----- Records for this task -----

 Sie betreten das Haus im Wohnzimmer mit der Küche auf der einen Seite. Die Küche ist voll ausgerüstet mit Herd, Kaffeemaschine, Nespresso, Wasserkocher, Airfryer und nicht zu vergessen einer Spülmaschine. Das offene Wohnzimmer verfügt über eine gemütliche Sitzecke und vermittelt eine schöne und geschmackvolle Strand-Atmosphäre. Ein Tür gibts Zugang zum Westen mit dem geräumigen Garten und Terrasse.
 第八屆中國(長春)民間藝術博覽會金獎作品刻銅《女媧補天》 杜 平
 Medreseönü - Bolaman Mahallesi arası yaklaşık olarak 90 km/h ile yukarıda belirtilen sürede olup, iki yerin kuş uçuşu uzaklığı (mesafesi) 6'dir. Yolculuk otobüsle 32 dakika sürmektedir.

-----
----- Records for this task -----

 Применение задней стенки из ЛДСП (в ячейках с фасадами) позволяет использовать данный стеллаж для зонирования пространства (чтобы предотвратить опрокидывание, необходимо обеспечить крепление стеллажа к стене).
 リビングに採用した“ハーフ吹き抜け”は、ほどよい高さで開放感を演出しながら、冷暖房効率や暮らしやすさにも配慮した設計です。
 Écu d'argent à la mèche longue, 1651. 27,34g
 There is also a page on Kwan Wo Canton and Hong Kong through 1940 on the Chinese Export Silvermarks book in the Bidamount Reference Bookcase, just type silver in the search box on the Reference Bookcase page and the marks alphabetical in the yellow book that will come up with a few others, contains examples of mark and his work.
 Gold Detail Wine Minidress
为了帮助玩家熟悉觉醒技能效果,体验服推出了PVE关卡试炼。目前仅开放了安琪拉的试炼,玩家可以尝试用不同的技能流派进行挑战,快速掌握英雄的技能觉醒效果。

-----
----- Records for this task -----

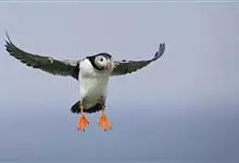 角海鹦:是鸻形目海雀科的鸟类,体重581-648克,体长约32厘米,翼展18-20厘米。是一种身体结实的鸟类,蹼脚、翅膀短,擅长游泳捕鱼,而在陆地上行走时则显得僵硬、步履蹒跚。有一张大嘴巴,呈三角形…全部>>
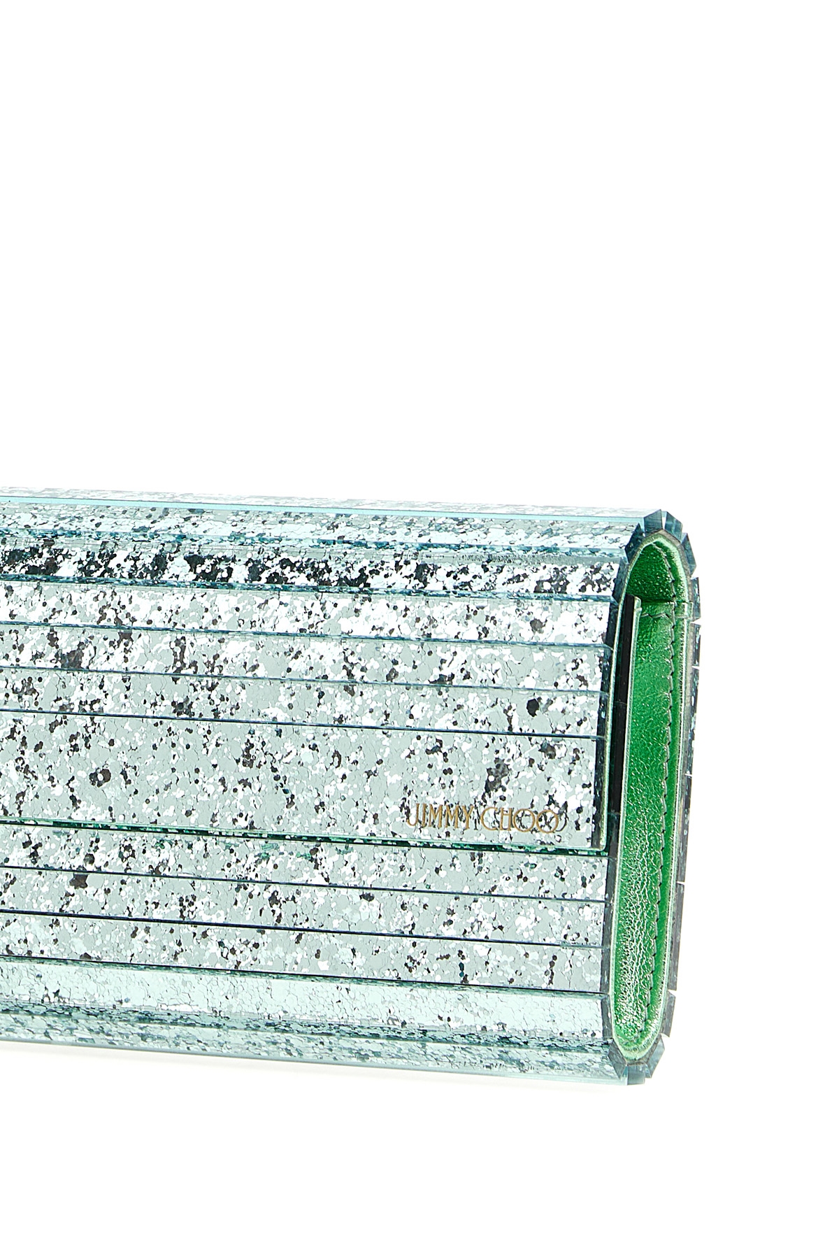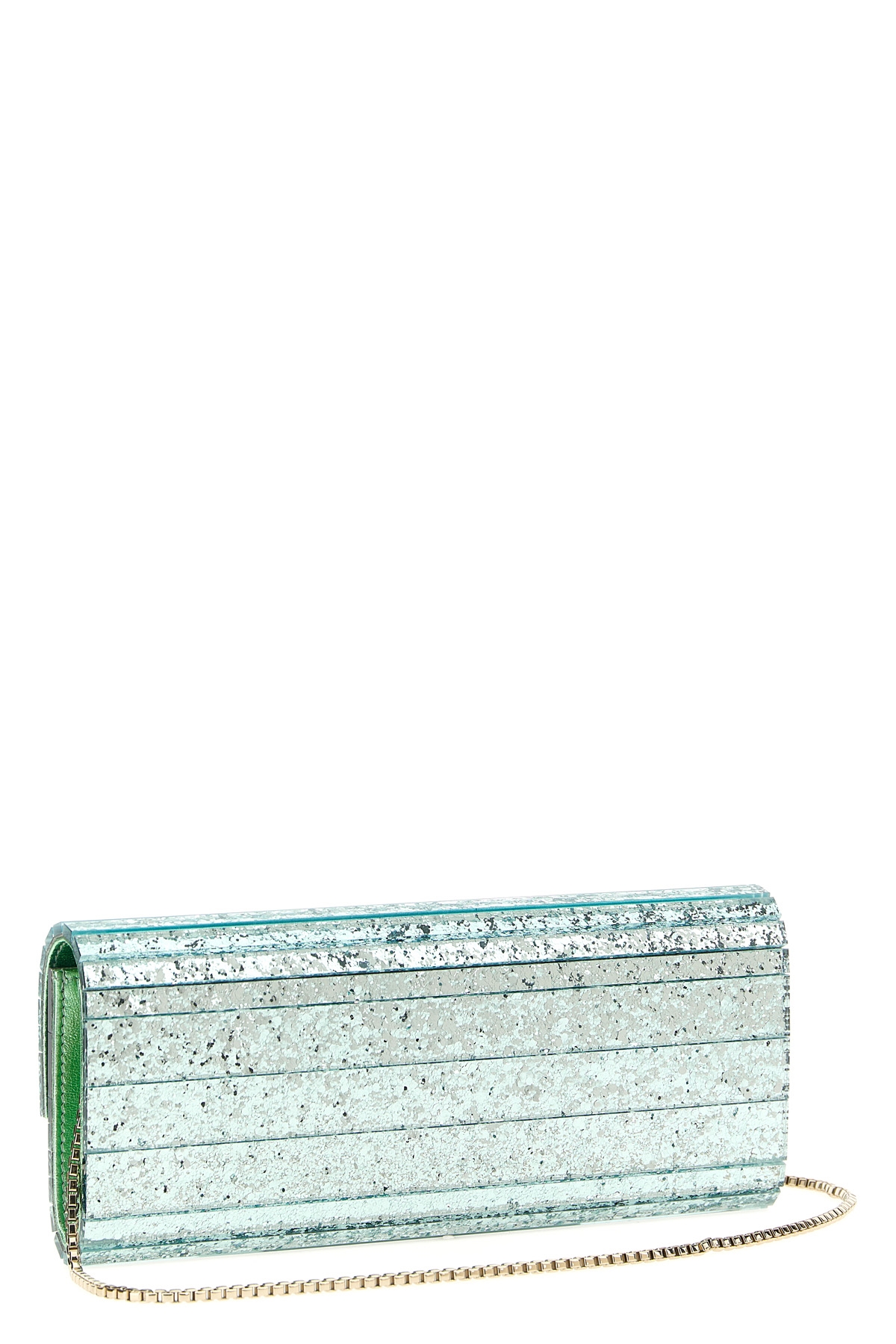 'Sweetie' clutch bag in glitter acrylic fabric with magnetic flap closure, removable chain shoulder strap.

-----

### Problem to solve
Look above for the line holding "There is also", then set down exactly that line and every line after it up to and including the line holding "为了帮助玩家熟悉觉醒技能效果", with nothing else.

### Solution to this exercise
 There is also a page on Kwan Wo Canton and Hong Kong through 1940 on the Chinese Export Silvermarks book in the Bidamount Reference Bookcase, just type silver in the search box on the Reference Bookcase page and the marks alphabetical in the yellow book that will come up with a few others, contains examples of mark and his work.
 Gold Detail Wine Minidress
为了帮助玩家熟悉觉醒技能效果,体验服推出了PVE关卡试炼。目前仅开放了安琪拉的试炼,玩家可以尝试用不同的技能流派进行挑战,快速掌握英雄的技能觉醒效果。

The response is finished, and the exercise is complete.